How to deal with missing values from a survey?
Posted: Mon Jan 06, 2025 8:42 am
What do you know about missing values in a survey? During the data collection process using the survey technique, it is very common that some of the questionnaires that we send to our study objective or target are not completed partially or totally, which can make the final analysis difficult and bias the results of our research. Among the most common causes that lead to this event we can find:
– Ambiguous questions in the questionnaire
– Lack of interest in answering the survey
– Compromising questions
Although these causes mainly affect the final result and the representativeness argentina phone number of the selected sample, there are a series of purification and imputation strategies that can reduce bias and optimize the final result of our market research.
Techniques for dealing with missing values
Debugging Techniques
The Data Cleaning process consists of evaluating the quality of the information collected, improving its quality in order to avoid unreliable analysis. The most commonly used cleaning strategies are:
– List of values : This involves searching the data matrix for values that are outside the response range. These values can be considered as lost, or the correct value can be estimated from other variables (Imputation).

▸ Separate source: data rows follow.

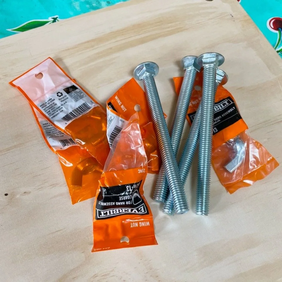 Thread the top piece of plywood onto the bolts. Secure with a washer and wing nut.
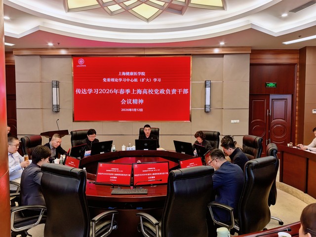 为深入学习贯彻《中共中央关于制定国民经济和社会发展第十五个五年规划的建议》《中共上海市委关于制定上海市国民经济和社会发展第十五个五年规划的建议》,学习2026年春季上海高校党政负责干部会议精神,3月12日下午,上海健康医学院在北苑1号楼110会议室召开党委理论学习中心组(扩大)学习会。校党委副书记、校长吴韬主持会议并作总结讲话,全体党委中心组成员、中层正职参加会议。
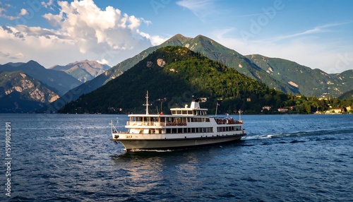 Scenic lake cruise ship on a serene mountain lake
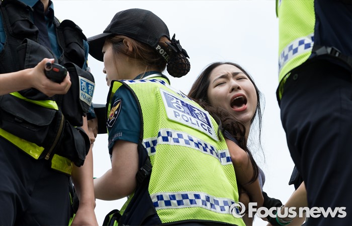 (서울=포커스뉴스) 12일 오전 서울 종로구 광화문광장 세종대왕 동상에서 알바연대알바노조가 최저임금 1만원 인상을 요구하며 기습시위를 벌이고 있다.
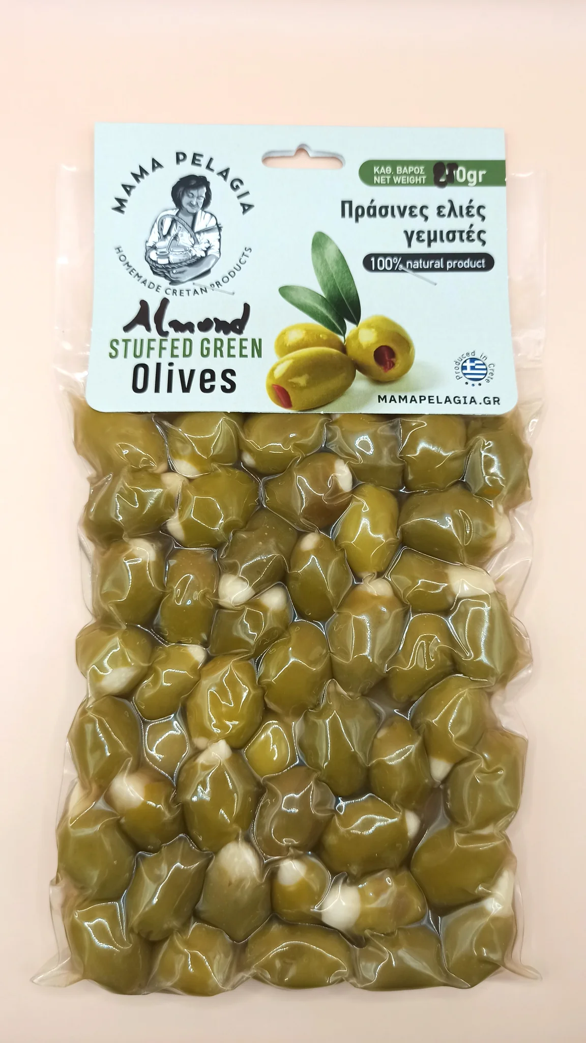 Πράσινες γεμιστές με αμύγδαλα και διατηρημένες σε φυσική άλμη χαμηλή σε αλάτι.
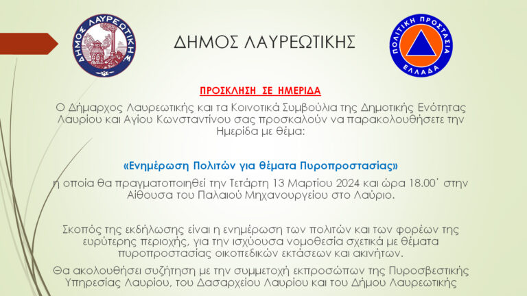 Σας γνωρίζουμε ότι ο Δήμος Λαυρεωτικής και τα Κοινοτικά Συμβούλια της Δημοτικής Ενότητας Λαυρίου και Αγίου Κωνσταντίνου, διοργανώνουν ΗΜΕΡΙΔΑ με θέμα «Ενημέρωση Πολιτών για θέματα Πυροπροστασίας» η οποία θα πραγματοποιηθεί την Τετάρτη 13/03/2024 και ώρα 18:00 στην αίθουσα του Παλαιού Μηχανουργείου στο Λαύριο.
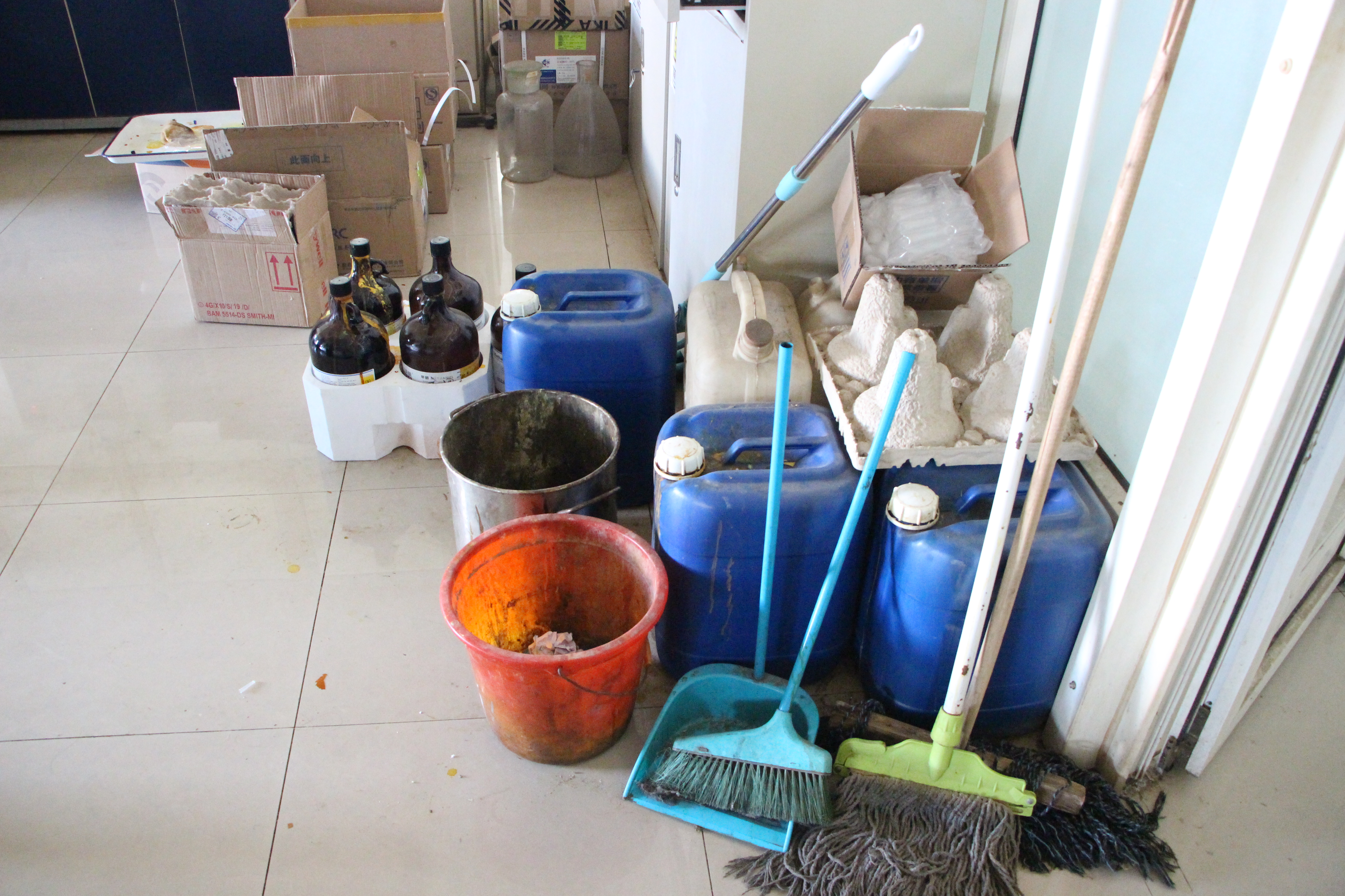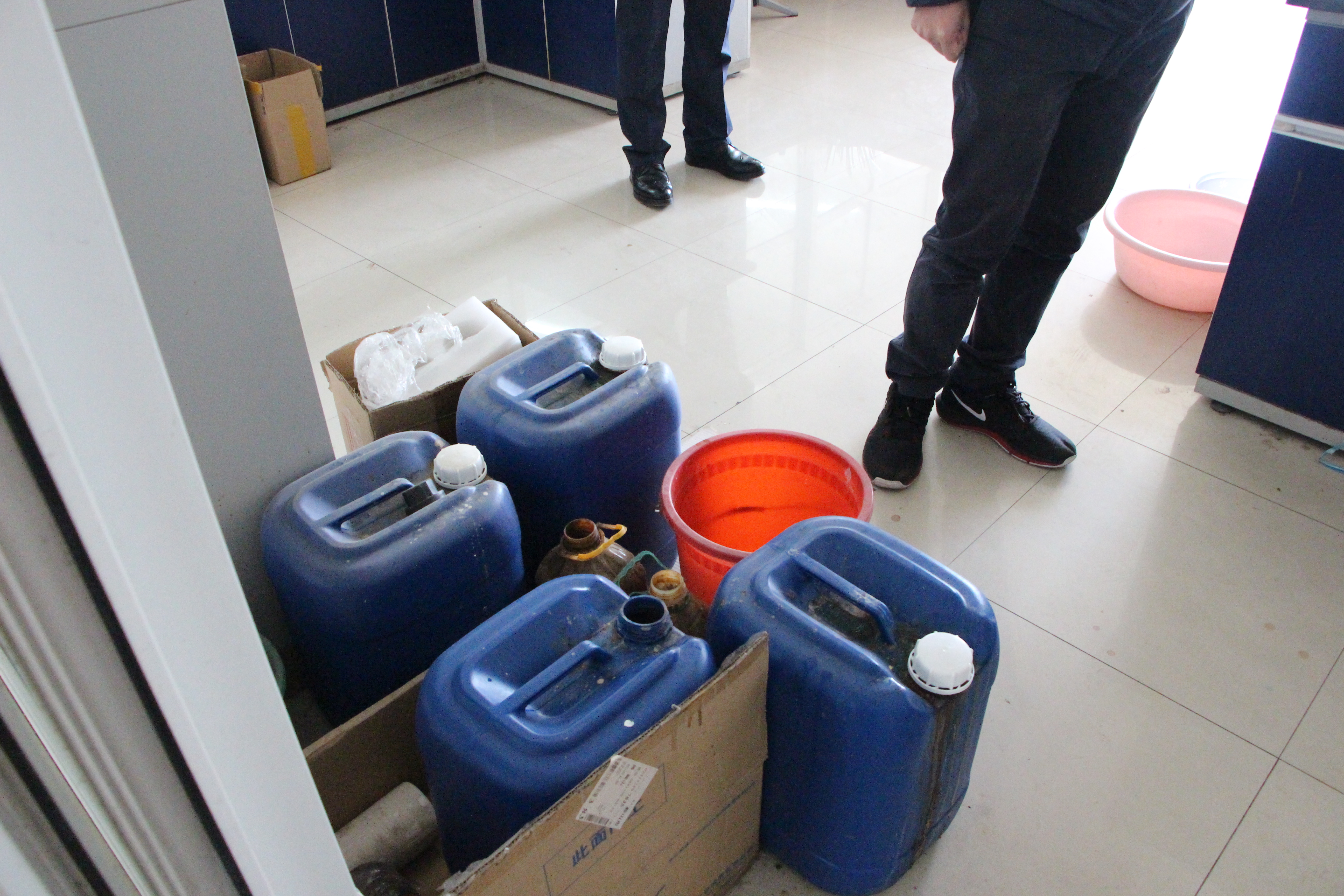 在检查中发现:有的实验室及科研场所使用插排还存在乱接现象,电源连接不规范;气瓶没有标签,还存在没有固定装置情况;实验药剂、废液容器还存在没贴标签,随地乱放现象;有的实验室、科研场所脏乱差没有很好整治等。检查组当即要求立即整改,如一时解决不了,由检查小组办公室及实验中心督促整改到位,检查小组将随时二次检查。

Example: In the variable Sex, whose values are 1 = Male and 2 = Female, we find a 3 in the data matrix.
– Filter questions : This involves comparing the number of responses from a filter category and another filtered category. If any anomaly is observed that cannot be resolved, it will be considered as a missing value.
Example: Filter question A has 11 answers leading to filtered question B, while the one leading to filtered question C has 9 answers. However, we notice that 14 answers have been given for question B (2 more than expected), therefore there is no match between the filter category and the filtered category.

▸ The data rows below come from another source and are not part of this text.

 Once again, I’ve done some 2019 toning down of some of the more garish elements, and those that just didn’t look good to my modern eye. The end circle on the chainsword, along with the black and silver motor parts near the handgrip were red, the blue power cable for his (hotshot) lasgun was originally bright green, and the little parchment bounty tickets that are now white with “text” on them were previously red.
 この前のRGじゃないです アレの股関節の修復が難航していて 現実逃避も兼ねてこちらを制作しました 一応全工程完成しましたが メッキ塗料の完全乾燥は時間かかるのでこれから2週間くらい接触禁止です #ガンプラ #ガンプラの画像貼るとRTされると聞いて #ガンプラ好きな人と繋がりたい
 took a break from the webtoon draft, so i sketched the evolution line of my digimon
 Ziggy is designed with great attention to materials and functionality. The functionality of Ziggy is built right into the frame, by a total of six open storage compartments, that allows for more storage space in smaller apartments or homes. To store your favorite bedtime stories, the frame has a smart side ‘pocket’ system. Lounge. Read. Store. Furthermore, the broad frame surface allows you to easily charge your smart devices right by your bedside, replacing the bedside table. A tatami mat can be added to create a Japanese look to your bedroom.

– Logical Consistencies : Answers that may be considered contradictory to each other are checked.
Example: Respondents who answered “Single” about their marital status should not have answered the question “Spouse’s activity.”
– Level of representativeness : A count is made of the number of responses obtained for each variable. If the number of unanswered questions is very high, equality between responses and non-responses can be assumed or, alternatively, an imputation of the non-response can be made.
I invite you to read: Keys to optimizing the quality of information in your online surveys .
Imputation Techniques
This technique consists of replacing missing values with valid values or responses by estimating them. There are three types of imputation:
– Random imputation: This type of imputation assumes the lack of information due to the randomness of the sample. To perform the imputation, the probability of each value that appears in the variable (valid and lost) is analyzed, and each lost value will be assigned those that have a probability equal to or less than that probability.
Example: The probability of value A appearing is 0.012 (1.2%), while the probability of value B is 0.357 (35.7%). Therefore, missing values with a probability equal to or less than 0.012 will be assigned the value A, while those with a probability greater than 0.012 and less than 0.369 (the sum of probability A: 0.012 and probability B: 0.357) will be assigned the value B.
– Ambiguous questions in the questionnaire
– Lack of interest in answering the survey
– Compromising questions
Although these causes mainly affect the final result and the representativeness argentina phone number of the selected sample, there are a series of purification and imputation strategies that can reduce bias and optimize the final result of our market research.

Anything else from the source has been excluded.